Ever since the Lancia Thema 8.32 became the best-selling car in the world in 1988, retractable/deployable rear spoilers have been the must-have accessory for any sporty car design. This is a false path.
The problem with a deployable spoiler is that an owner is presented, at every stop, with a predicament. Do I live my life to the fullest, and leave the spoiler up? Or do I choose to be not a total dork and leave it down like a normal person?
There is, of course, no right answer. To leave a spoiler down is to waste a perfectly good opportunity to let the world take in your silly car’s silly aero device. To leave it up is obnoxious and pointless. It’s not like you car needs highly tuned aerodynamic downforce at precisely zero miles per hour.
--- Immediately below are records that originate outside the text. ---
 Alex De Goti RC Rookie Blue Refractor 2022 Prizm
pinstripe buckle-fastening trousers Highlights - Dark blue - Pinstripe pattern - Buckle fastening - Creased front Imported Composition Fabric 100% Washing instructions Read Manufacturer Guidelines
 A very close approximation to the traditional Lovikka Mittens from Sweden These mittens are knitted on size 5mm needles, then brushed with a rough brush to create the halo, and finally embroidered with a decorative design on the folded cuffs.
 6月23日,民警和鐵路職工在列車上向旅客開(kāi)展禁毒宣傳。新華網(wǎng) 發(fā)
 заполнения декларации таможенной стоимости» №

The retractable rear spoiler, then, is always a bit of a joke. Sometimes it’s an artful, highly engineered joke, like the hydraulic arms tucked into the back of a Veyron. But that’s as good as it is going to be.
What is a very different story is the front spoiler. Cars want chin spoilers. They want to look low and aggressive. They want to channel air smoothly and cleanly. They want to grind on every speed bump and driveway they encounter. This is the problem. Much as your car wants to be low, you do not always want to scrape.
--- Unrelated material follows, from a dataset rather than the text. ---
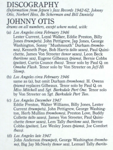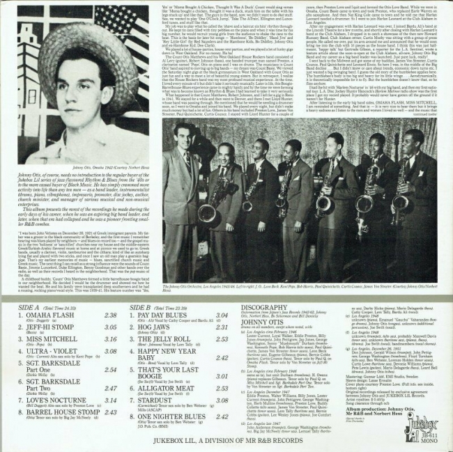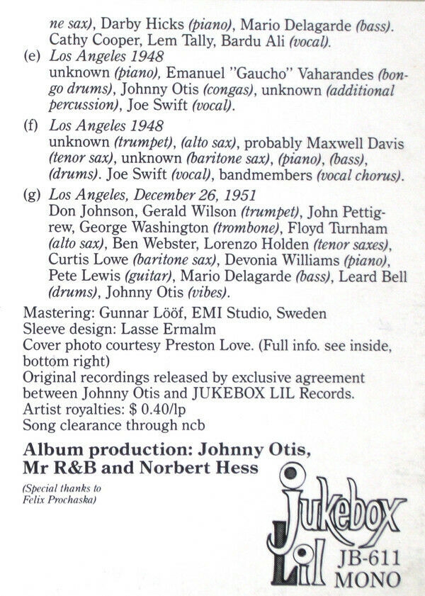 estupendo albun del gran johnny otis, dicen que el invento el Rhythm & Blues con sus bandas llenas de legendarios musicos, no olvidemos que su hijo es uno de los mejores guitarars de todos los tiempos, suggie otis que tambien grabo con a partir de los 70
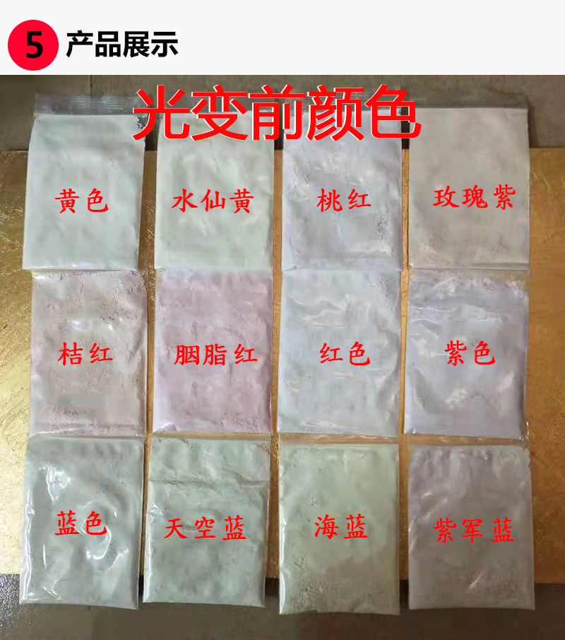 Photosensitive discoloration powder in case of light UV discoloration process gift decoration injection molding UV anti-counterfeiting printing pigment 10 grams

Plenty of supercars, Gallardos even, get around this problem with a front suspension you can lift up to get over speed bumps. This is complicated and a little bit lame. Much less lame is a front spoiler that you can tuck away, as seen on this 1980s Nissan R31 Skyline:
And also on the new Porsche 911 Turbo, which now has a larger active chin spoiler than the previous iteration, as Porsche notes in its press release:
The Porsche styling ethos of form following function is expressed in the typical Turbo rear spoiler, and here the enhanced adaptive aerodynamics of the new Porsche 911 Turbo are a particular technical highlight. This features electronically controlled cooling air flaps at the front, a larger active front spoiler and variable rear spoiler with a greater surface area.
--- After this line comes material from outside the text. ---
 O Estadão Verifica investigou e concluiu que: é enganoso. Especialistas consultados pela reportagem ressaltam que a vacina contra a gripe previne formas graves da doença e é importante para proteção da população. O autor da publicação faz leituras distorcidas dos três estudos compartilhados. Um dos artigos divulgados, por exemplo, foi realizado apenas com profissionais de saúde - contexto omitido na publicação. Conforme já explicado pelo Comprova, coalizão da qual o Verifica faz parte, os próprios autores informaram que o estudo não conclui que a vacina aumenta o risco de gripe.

Perhaps this level of added complexity is out of sync with Porsche’s minimalist aesthetic. Maybe it goes against the company’s reputation of durability through simplicity. An old Porsche is a car that survives in part because there’s not much there.
But then again, this is not an old Porsche; it’s a new one. There’s nothing minimalist about it. It’s a maximalist kind of vehicle, with all-wheel drive and all-wheel steering and 100 turbochargers if Porsche thought it was efficient to do so. Welcome a chin spoiler that juts out or hides away with the touch of a button.